With this backdrop, it makes sense that nearly half of 400 senior executives report that trade secrets are more important than patents and trademarks[6]. However, less than one-third of companies have taken basic measures to protect trade secrets. The significance and protection of IP need to be front and centre with organisations allocating appropriate resources to the strategy, valuation and protection of IP based on a cost-benefit analysis.

“Although intellectual property strategy, valuation and protection are issues for a board of directors to consider, IP protection resides in and across the remit of many corporate stakeholders including innovation officers, Chief Technology Officers (CTO), heads of IP and human resources,” explains Zamani.

Identifying Critical Assets

“An important step in solving the IP puzzle is for organisation to identify critical assets, sometimes referred to as ‘crown jewels,’ to understand what intellectual property the company holds and where it sits across the organisation’s operating environment,” says Zamani.

  • Is the data stored on a network server, in cloud storage, on an employee’s personal device or a third-party vendor system?
  • What, exactly, is the essence of the intellectual property?

“Once identified, assets can be tagged, classified and protected – both physically and digitally. The use of advanced control technologies and processes should be contemplated, including encryption, access controls, monitoring and logging technologies. These controls should be augmented by a robust employee training programme. People are often the weakest link in an organisation and IP is vulnerable to human error or carelessness. Training that addresses how IP can be unintentionally exposed is vital,” Zamani explains.
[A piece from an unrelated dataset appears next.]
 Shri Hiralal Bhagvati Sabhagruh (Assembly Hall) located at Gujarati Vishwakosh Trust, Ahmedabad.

Quantifying the value of IP is an important step on the way to evaluating risk appetite and then insuring the value of the IP that could be compromised. “Financial analytics and modelling can help inform risk transfer methods, such as limits and scope of intellectual property insurance coverage. As IP theft becomes a more considerable issue and competitors look to increase market share in any way, companies may also need to defend themselves against accusations of IP infringement or theft. As a result, businesses may be exposed to potentially significant financial losses and reputational damage,” says Zamani.

Even with adequate and appropriate training, IP can still be vulnerable. The intelligence gathered during a strategic assessment can inform and strengthen an organisation’s incident response. In the event of a breach, knowing where the IP is held within the network helps the response team to more rapidly identify what data might have been impacted or infiltrated. Was IP data compromised? And importantly, what exactly was in that data? If it can be determined that IP was misappropriated, organisations can more rapidly set a defensible path to try to mitigate the impact of the IP theft and preserve the secrecy of their most valuable assets. The effective management of incident response, including forensics, is critical as it may serve to support subsequent litigation or loss recovery.
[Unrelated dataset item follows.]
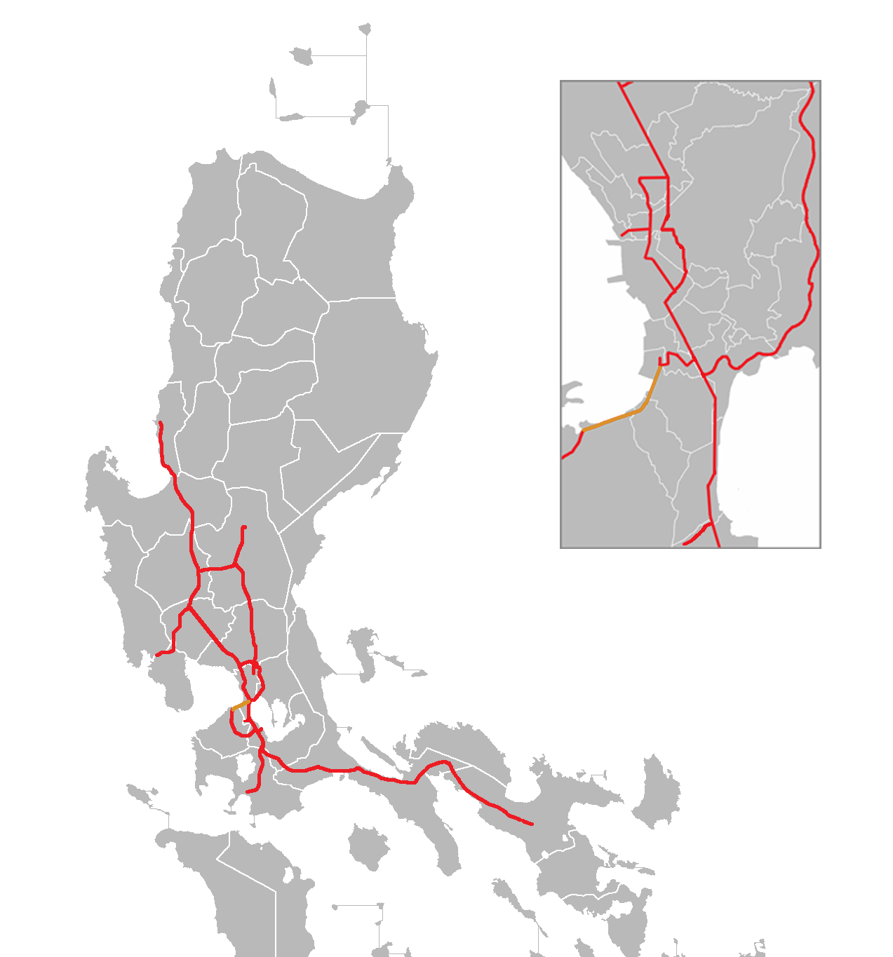 A map of CAVITEX

It is at this junction that the assistance of an experienced broker that has insight into intellectual property solutions and the cyber risk presented by a company’s intellectual property comes to the fore. “Speak to your broker today to make sure that your organisation’s IP is quantified and protected in addition to having a solid incident response strategy in place to keep your company’s most valued assets secure,” concludes Zamani.